The number of people with implantable cardioverter defibrillators (ICDs) has increased. Consequently more people approaching the end of their life have an ICD in situ.
Sensitive and timely conversations enable a planned ICD deactivation to take place in the majority of people approaching the end of their life. However, in a small number of cases, our multi-professional team have not been able to reach an agreed decision to deactivate the ICD with the patients/their family.
In these situations, patients and families placed different weights to the clinical team on the benefits and harms of leaving the ICD active versus deactivated, often because of strong preferences or intrinsic values related to pursuing treatments.
National guidance exists about factors to consider when making decision about deactivation of an ICD at end-of-life. However, staff experienced conflict between their wish to deliver medically appropriate but personalised care.
The teams were fluently able to discuss the harms that can occur as a result of leaving an ICD active including the pain from shocks and distress witnessing this. However, further consideration of real-time harms that were occurring as a result of deactivation discussions was crucial to reaching a shared decision to leave these ICDs active, unless preferences changed or the ICD fired causing distress.
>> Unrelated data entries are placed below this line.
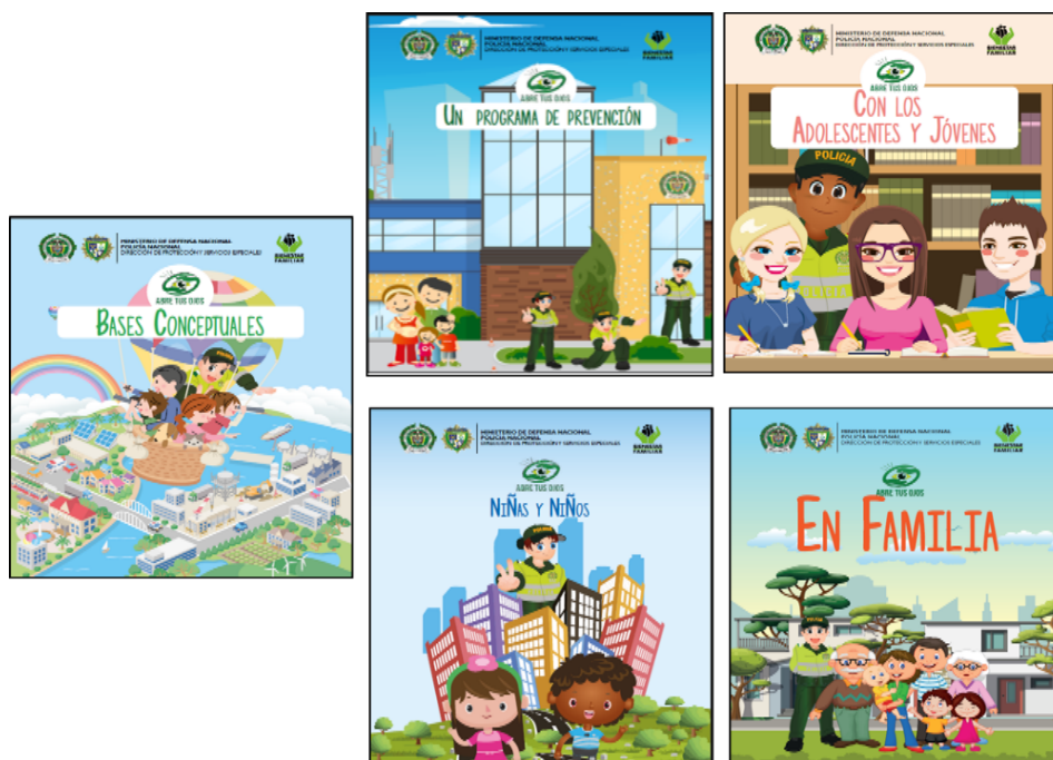
Ilustración 1 - Módulos del programa Abre tus Ojos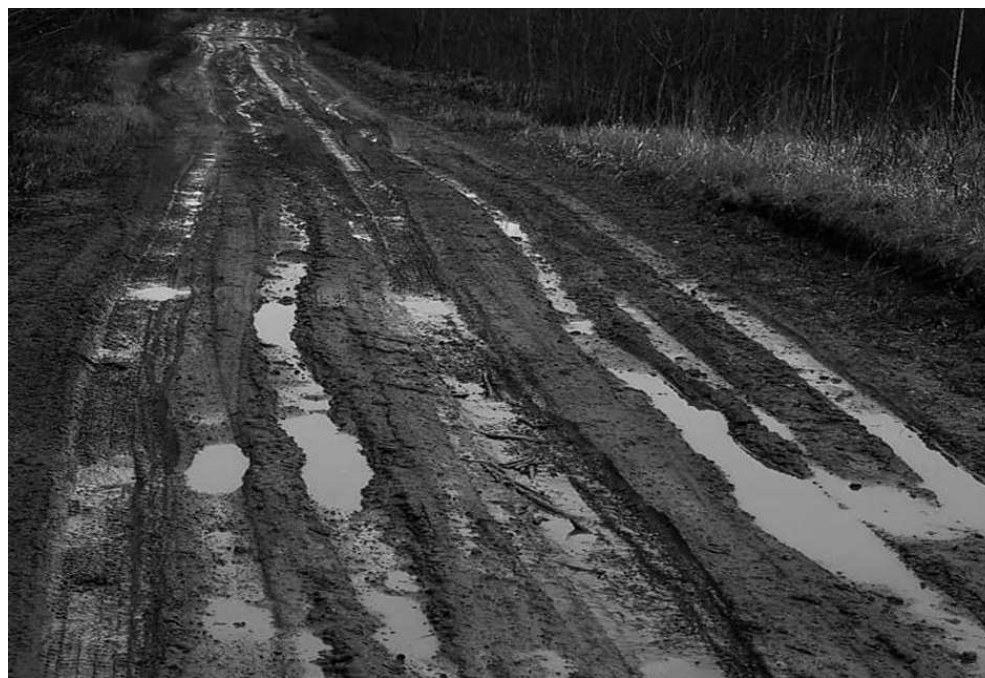
Ceļš Piksāri – Omuļi

Ceļa garums no Piksāriem līdz Valkas novada robežai ir 7,58 km. Pārņemšanas brīdī tas bija kā uzlabotas grunts seguma ceļš, faktiski – bezseguma. Pa šiem gadiem Naukšēnu novada pašvaldība finansāli iespēju robežās un arī iesaistot vietējos uzņēmējus ir daudz darījusi, lai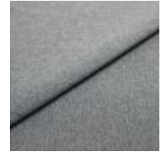
Rock CS 17 Steel 1028417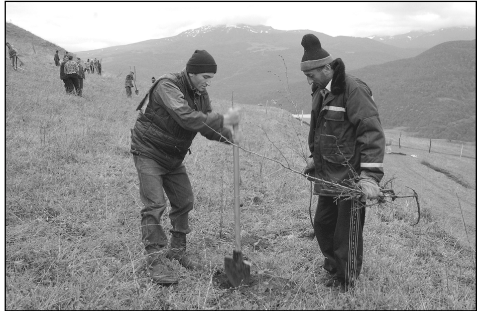
Eighty workers from the villages of Aghavnavank, Dzoravank, Dprabak, and Aygut were employed by ATP to assist in the reforestation of 400 acres of land in the Getik River Valley this spring

YEREVAN -- Armenia Tree Project (ATP) expanded its reforestation program by planting 343,750 trees in the Getik River Valley of the Gegharkounik region north of Lake Sevan in April-May 2006. Plantings on two massive forest plots covered a total of 400 acres with indigenous species of trees, including chestnut, maple, ash, oak, walnut, wild apple, and wild pear.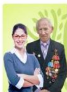
Без профильного образования возраст старше 18 лет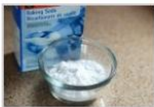
1 cuillerée à café de levure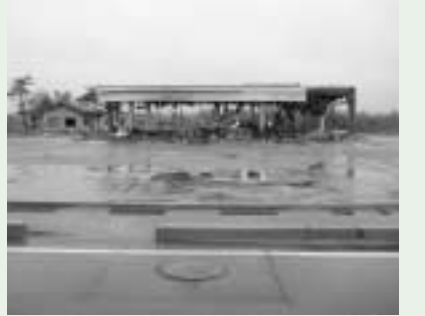
コンビニの跡形もなく...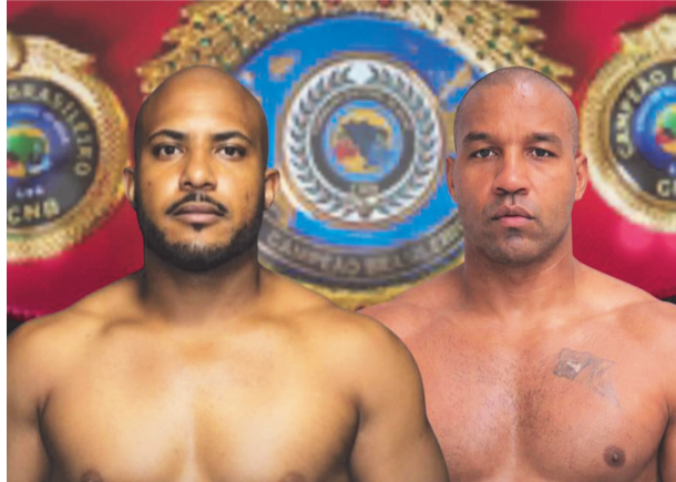
Vagner “Destroyer” X Neube Jacundino

Além da conquista pessoal, o atleta leva consigo o nome de Caratinga, fortalecendo o esporte local em âmbito nacional. Caso saia vencedor,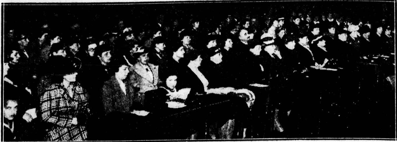
Anyánapi estély a Vármegyeház dísztermében.

— Goga végrendelete a eszesai kastélyt a kolozsvári körögkeleti püspökségre hagyományozta azzal a kikötéssel, hogy a parkban akar eltemetkezni. A temetés esütörtökön lesz államköltségen, nagy pompával.

The particular harms included: deactivation becoming the focus of encounters rather than other issues such as symptoms (often patient led); loss of trust in patient-clinician relationships because of (perceived) failure to recognise the importance of the individuals values/perspective; time taken for further discussions in context of time as a scarce resource/precious in end of life situations.
Our experiences and practice evolve with each case, but being mindful of current versus potential future harms, and articulating these, has been helpful in reaching shared agreed decisions to leave some ICDs active at end-of-life.